Material to process
========================================================================
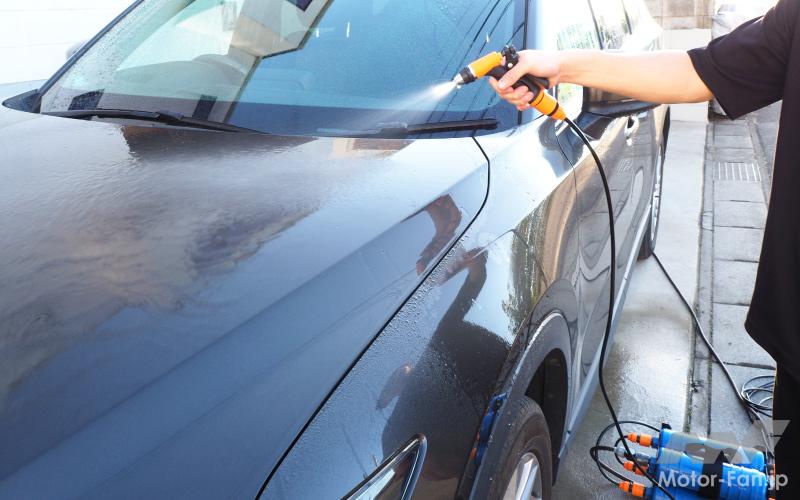 純水による洗車作業は話題となっており、純水使用を売りにする洗車場も増えてきているほど。水に不純物が含まれないことで水シミとも呼ばれるウォータースポットがボディ上に残らず、拭き上げ作業も手早く簡単に行なえるようになる。もちろんシャンプー洗車やコーティング施工の仕上がりもクリアだ。
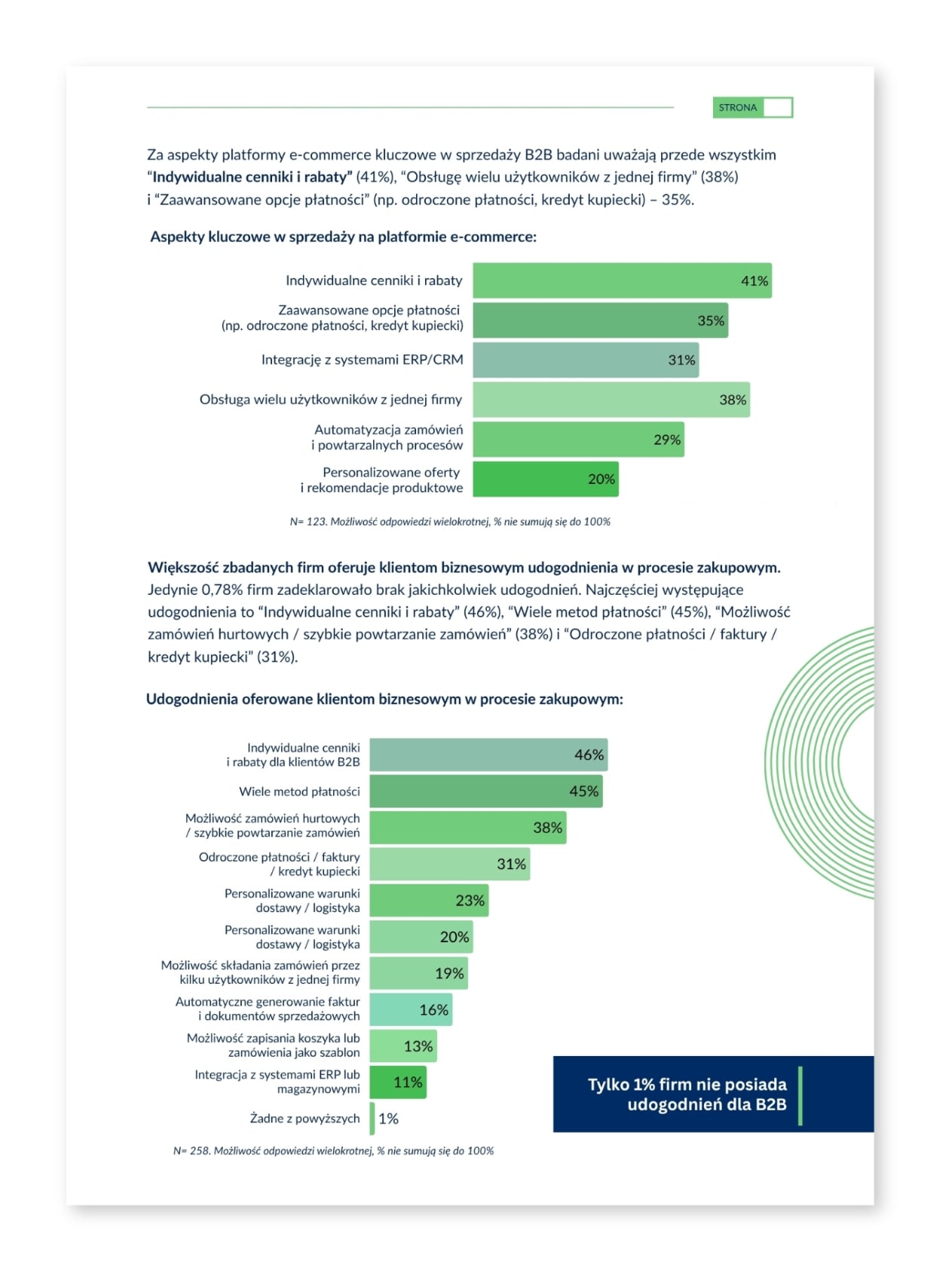 Zbadaliśmy ponad 250 firm sprzedających online dla B2B. Raport podzieliliśmy na kilka kluczowych obszarów - od pierwszej do ostatniej strony dbając o Twój komfort czytania. Do tego raportu będziesz wracać wielokrotnie!
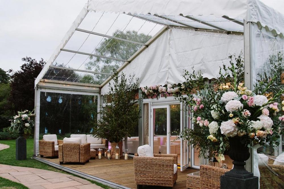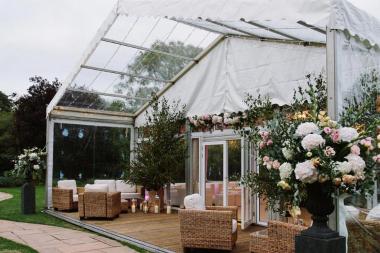 After the ceremony and wedding breakfast, drinks and dancing was held on the lawn in a grand marquee. The entrance was decorated with real cut birch trees, lanterns and a soft garland above the doorway.
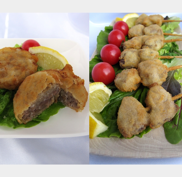 串揚げ専門店ならではの、きめ細かいパン粉を使用しておりますので軽い食感です。柔らかく仕上げたひと口サイズの串カツはさっぱりとしたイノシシ肉の味をそのままお楽しみいただけます。また、メンチカツは玉ねぎを加えてまろやかに仕上げております。食べ比べもお楽しみいただけます。
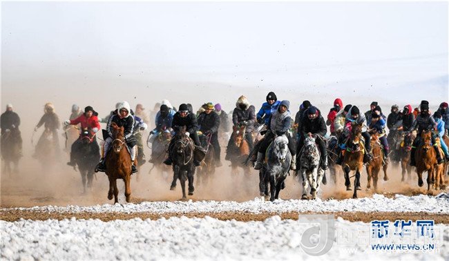 1月16日,在內蒙古錫林浩特鳳凰馬場,牧民們進行速度賽馬。
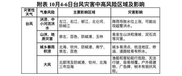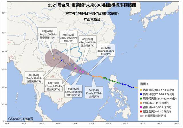气象部门提醒,台风“麦德姆”具有在南海移速快、增强迅速的特点,可能于10月5日登陆后继续西移进入北部湾海面。受其影响,5日、6日,北部湾海面、桂南、桂西和越南北部将有强风雨天气。此外,当前左江、右江、郁江等流域水位高,桂西、桂南土壤湿度大,此次台风降水落区与前期强降雨重叠,上游来水和本地降水重叠,灾害风险高。
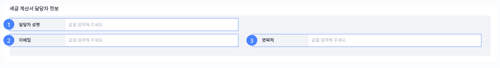 담당자 성명: 세금 계산서 담당자명을 입력해 주세요.
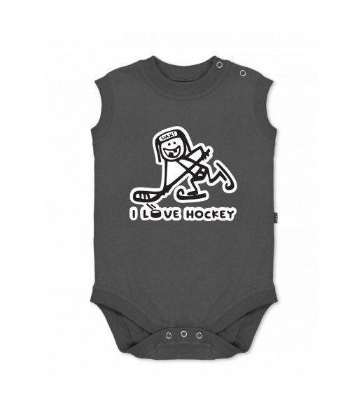 Baby body sleeveless with design for kid with design 1100 I LOVE HOCKEY in color GRAFIT
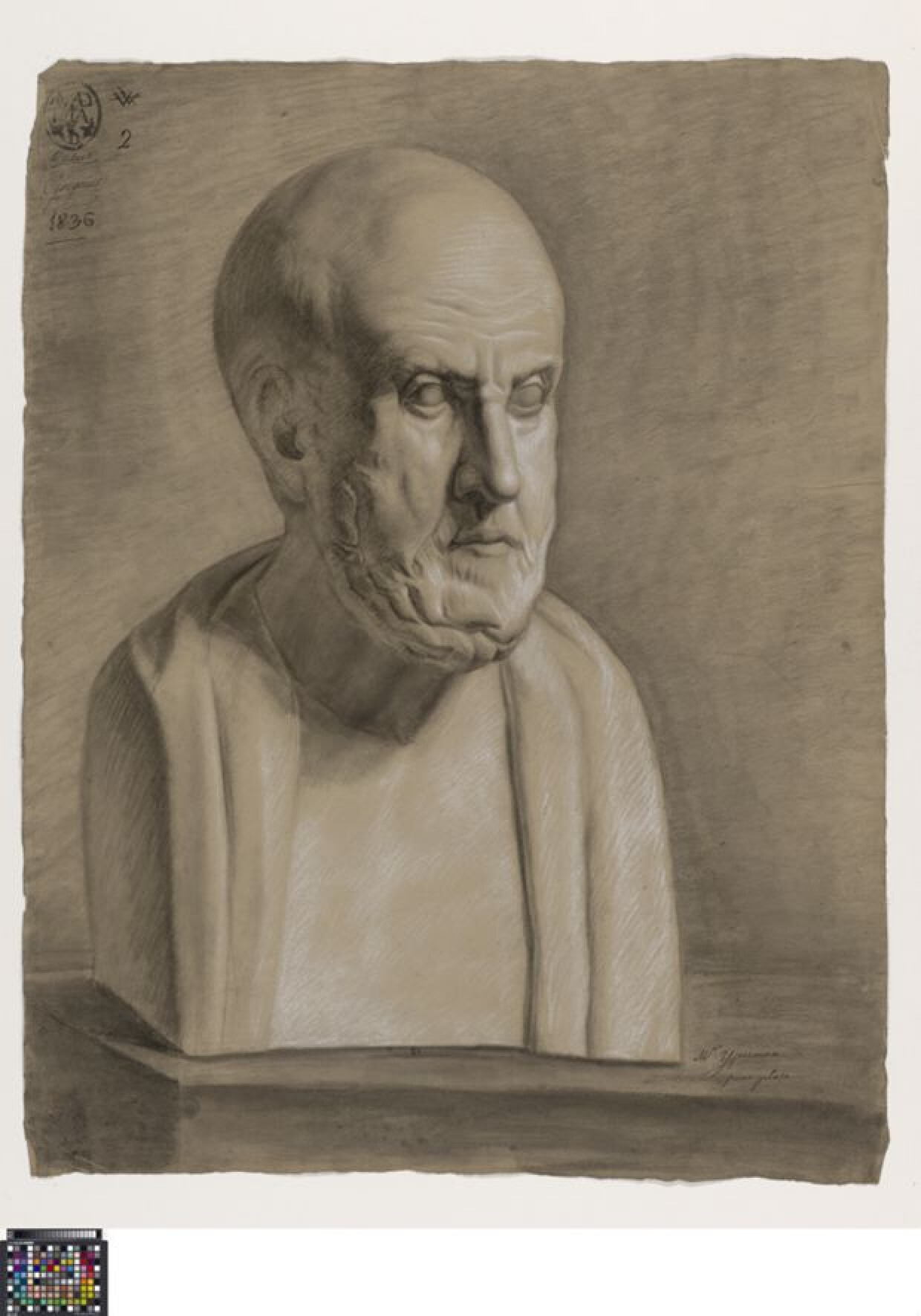 19de eeuwAcademische studie naar sculptuur van Hippocrates, getekend door Pierre Yperman in 1836. Yperman maakte deze studie als leerling in de klas naar plaaster of sculptuur aan de Academie Brugge. Hij werd ermee tweede bij de wedstrijd "om plaatsen" - zie de aantekening rechtsonder. Dominique Cavé won de wedstrijd (0022.GRO0574.II). Yperman tekende deze studie naar een afgietsel van een buste van Hippocrates. Hippocrates, weergegeven met een toga over zijn schouders, is in driekwart naar rechts getekend. Het gebruikte medium is zwart krijt of houtskool, met toevoeging van hoogsels in wit krijt. De tekenletter 'W', waaronder Yperman anoniem tekende, staat linksboven naast de academiestempel. Hier is ook de handtekening van directeur Gregorius zichtbaar, onder de handtekening van secretaris De Net. Op verso worden bepaalde aantekeningen herhaald, net als de academiestempel.
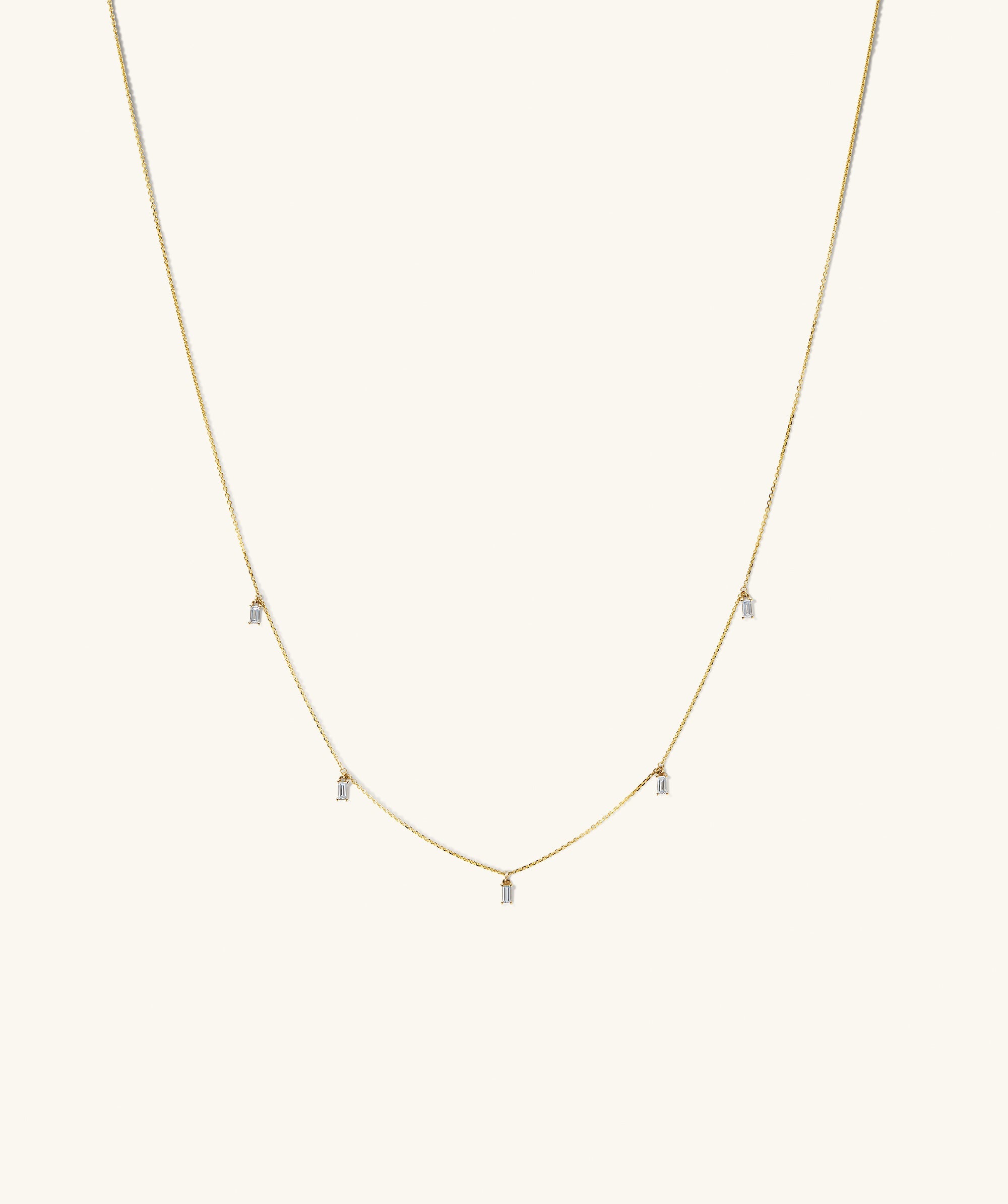 A necklace that adds a hit of shine to every necklace stack, thanks to five dangling lab grown diamonds.
========================================================================
The problem
In the listing above, find the line containing "Zbadaliśmy ponad 250" and the line containing "Baby body sleeveless", then print exactly those two lines and every line between them, minus the pictures.

Answer to the exercise
 Zbadaliśmy ponad 250 firm sprzedających online dla B2B. Raport podzieliliśmy na kilka kluczowych obszarów - od pierwszej do ostatniej strony dbając o Twój komfort czytania. Do tego raportu będziesz wracać wielokrotnie!
 After the ceremony and wedding breakfast, drinks and dancing was held on the lawn in a grand marquee. The entrance was decorated with real cut birch trees, lanterns and a soft garland above the doorway.
 串揚げ専門店ならではの、きめ細かいパン粉を使用しておりますので軽い食感です。柔らかく仕上げたひと口サイズの串カツはさっぱりとしたイノシシ肉の味をそのままお楽しみいただけます。また、メンチカツは玉ねぎを加えてまろやかに仕上げております。食べ比べもお楽しみいただけます。
 1月16日,在內蒙古錫林浩特鳳凰馬場,牧民們進行速度賽馬。
气象部门提醒,台风“麦德姆”具有在南海移速快、增强迅速的特点,可能于10月5日登陆后继续西移进入北部湾海面。受其影响,5日、6日,北部湾海面、桂南、桂西和越南北部将有强风雨天气。此外,当前左江、右江、郁江等流域水位高,桂西、桂南土壤湿度大,此次台风降水落区与前期强降雨重叠,上游来水和本地降水重叠,灾害风险高。
 담당자 성명: 세금 계산서 담당자명을 입력해 주세요.
 Baby body sleeveless with design for kid with design 1100 I LOVE HOCKEY in color GRAFIT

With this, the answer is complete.